### Your instructions
Reproduce the whole listing exactly, omitting any picture it holds.

--- Information shown Enclosed Below ---

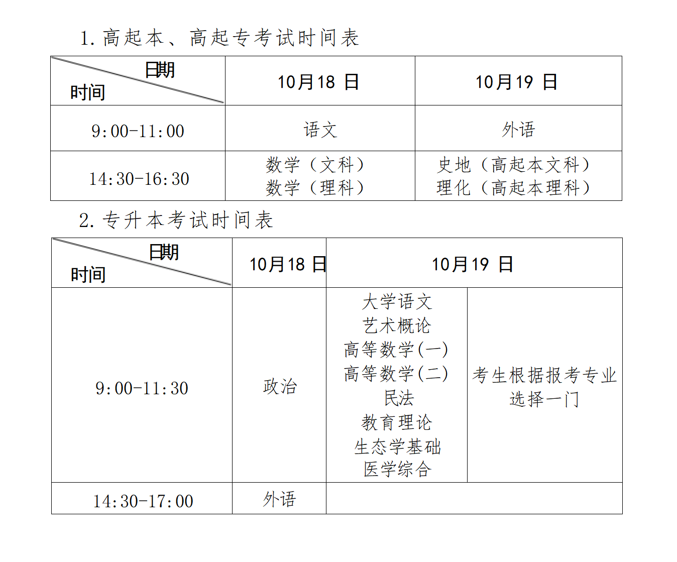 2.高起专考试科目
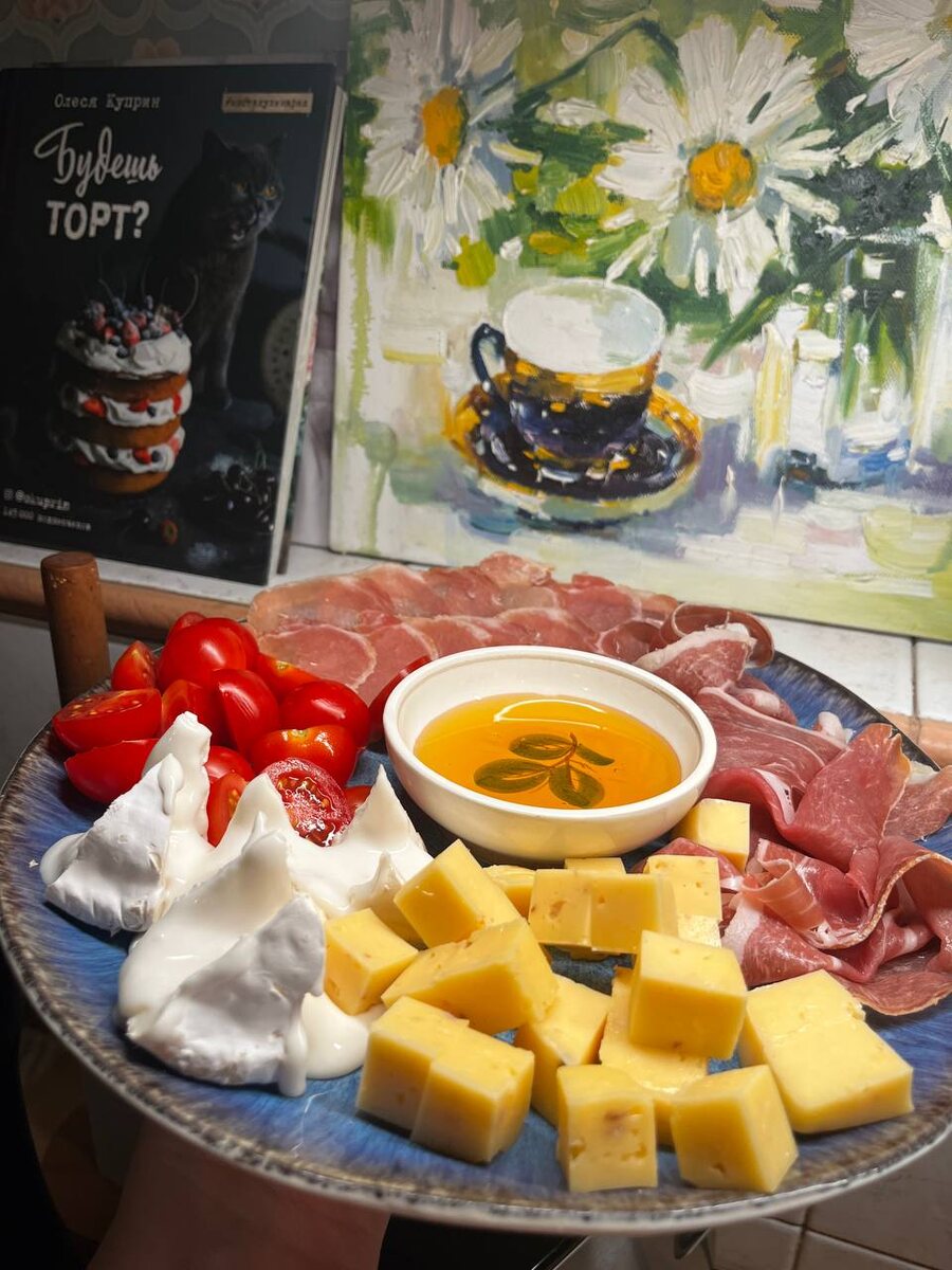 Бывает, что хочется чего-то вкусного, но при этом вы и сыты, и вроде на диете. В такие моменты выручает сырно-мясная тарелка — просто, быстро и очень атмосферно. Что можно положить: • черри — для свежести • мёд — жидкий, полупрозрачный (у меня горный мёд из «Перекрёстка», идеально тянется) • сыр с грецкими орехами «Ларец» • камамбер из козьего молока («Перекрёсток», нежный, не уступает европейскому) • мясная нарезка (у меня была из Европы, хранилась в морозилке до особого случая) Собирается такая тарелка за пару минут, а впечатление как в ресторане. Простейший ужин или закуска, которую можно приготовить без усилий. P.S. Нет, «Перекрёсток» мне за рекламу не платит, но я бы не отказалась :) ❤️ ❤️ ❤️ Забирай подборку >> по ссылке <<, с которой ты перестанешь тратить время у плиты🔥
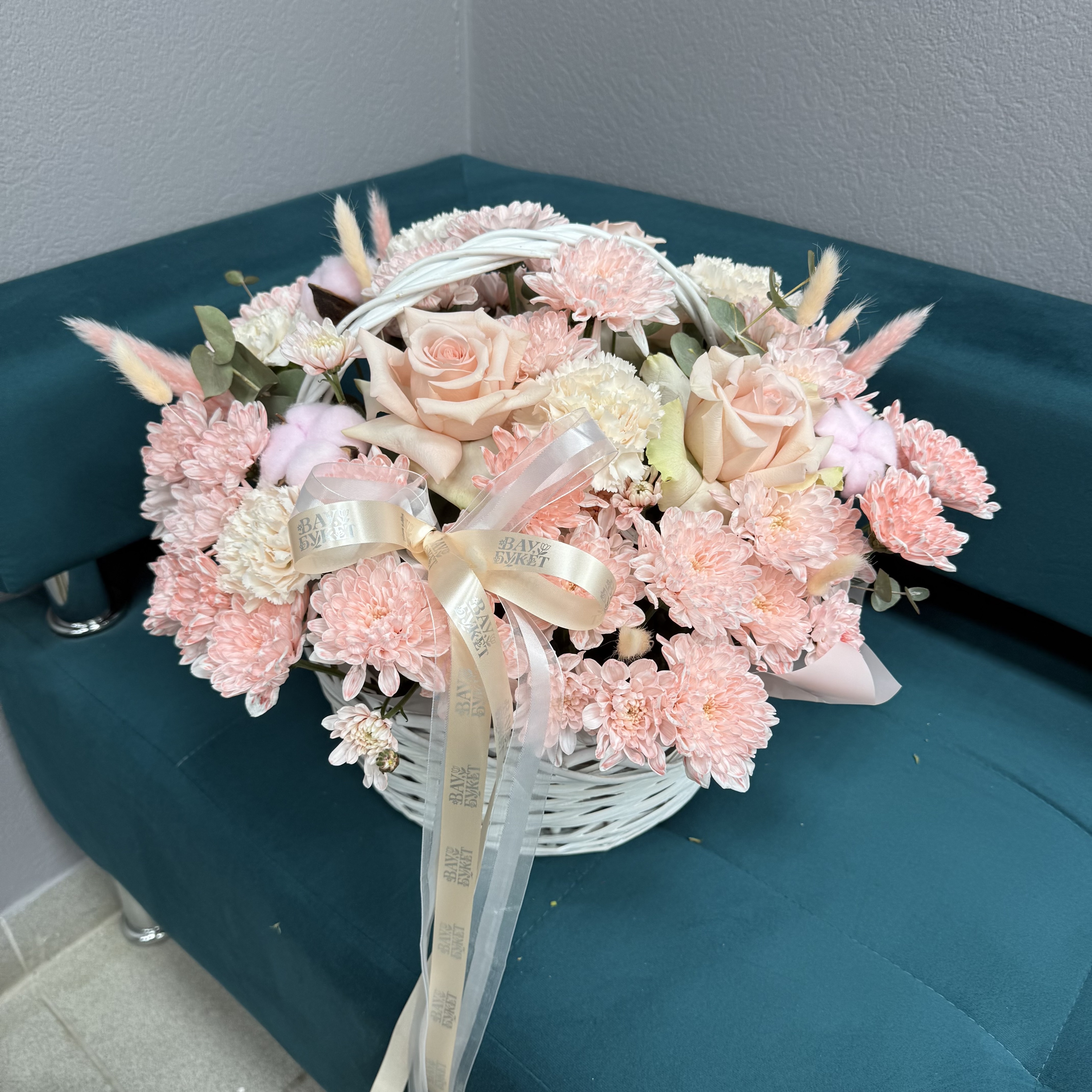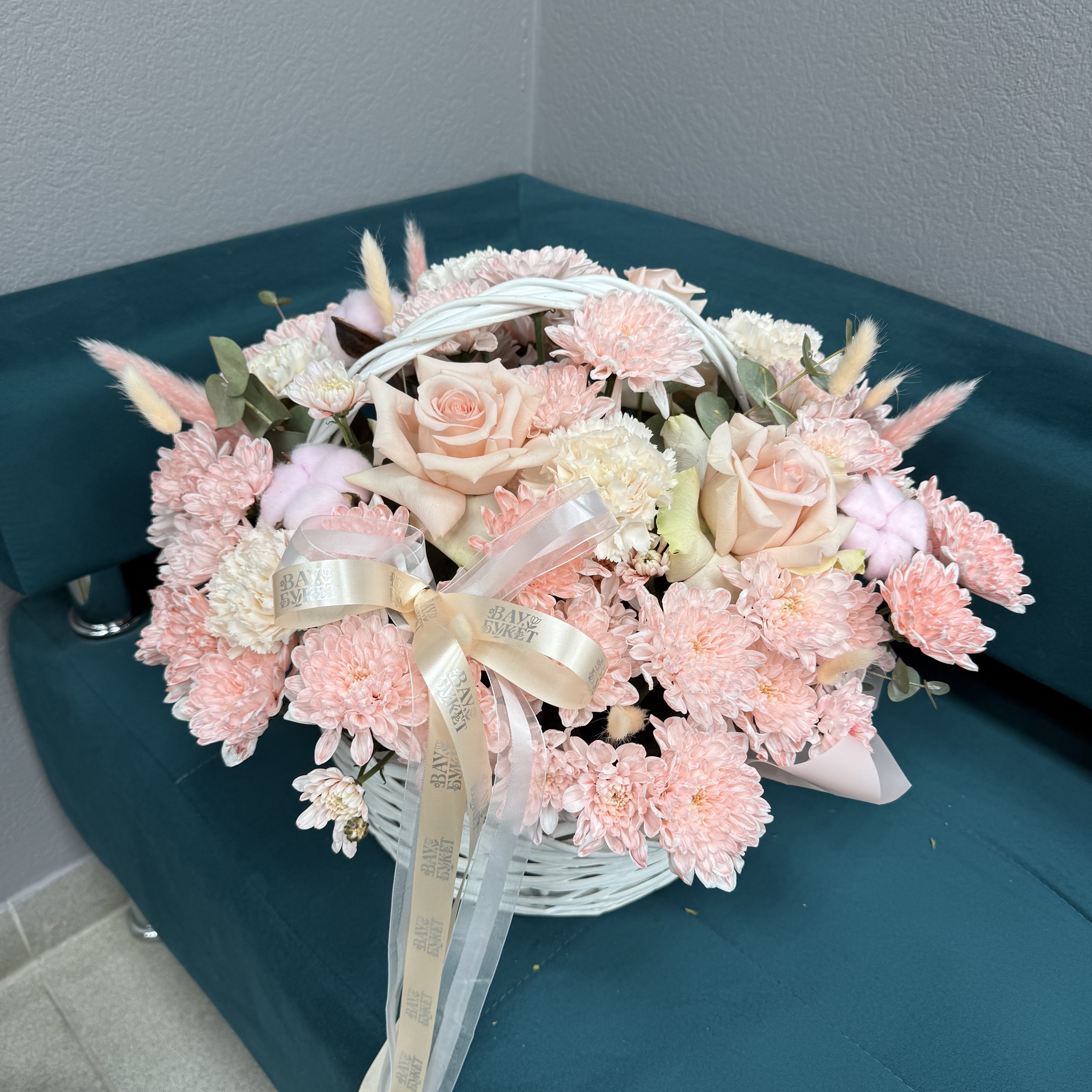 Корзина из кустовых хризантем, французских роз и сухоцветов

--- End of Enclosed Information shown ---

### Task output
 2.高起专考试科目
 Бывает, что хочется чего-то вкусного, но при этом вы и сыты, и вроде на диете. В такие моменты выручает сырно-мясная тарелка — просто, быстро и очень атмосферно. Что можно положить: • черри — для свежести • мёд — жидкий, полупрозрачный (у меня горный мёд из «Перекрёстка», идеально тянется) • сыр с грецкими орехами «Ларец» • камамбер из козьего молока («Перекрёсток», нежный, не уступает европейскому) • мясная нарезка (у меня была из Европы, хранилась в морозилке до особого случая) Собирается такая тарелка за пару минут, а впечатление как в ресторане. Простейший ужин или закуска, которую можно приготовить без усилий. P.S. Нет, «Перекрёсток» мне за рекламу не платит, но я бы не отказалась :) ❤️ ❤️ ❤️ Забирай подборку >> по ссылке <<, с которой ты перестанешь тратить время у плиты🔥
 Корзина из кустовых хризантем, французских роз и сухоцветов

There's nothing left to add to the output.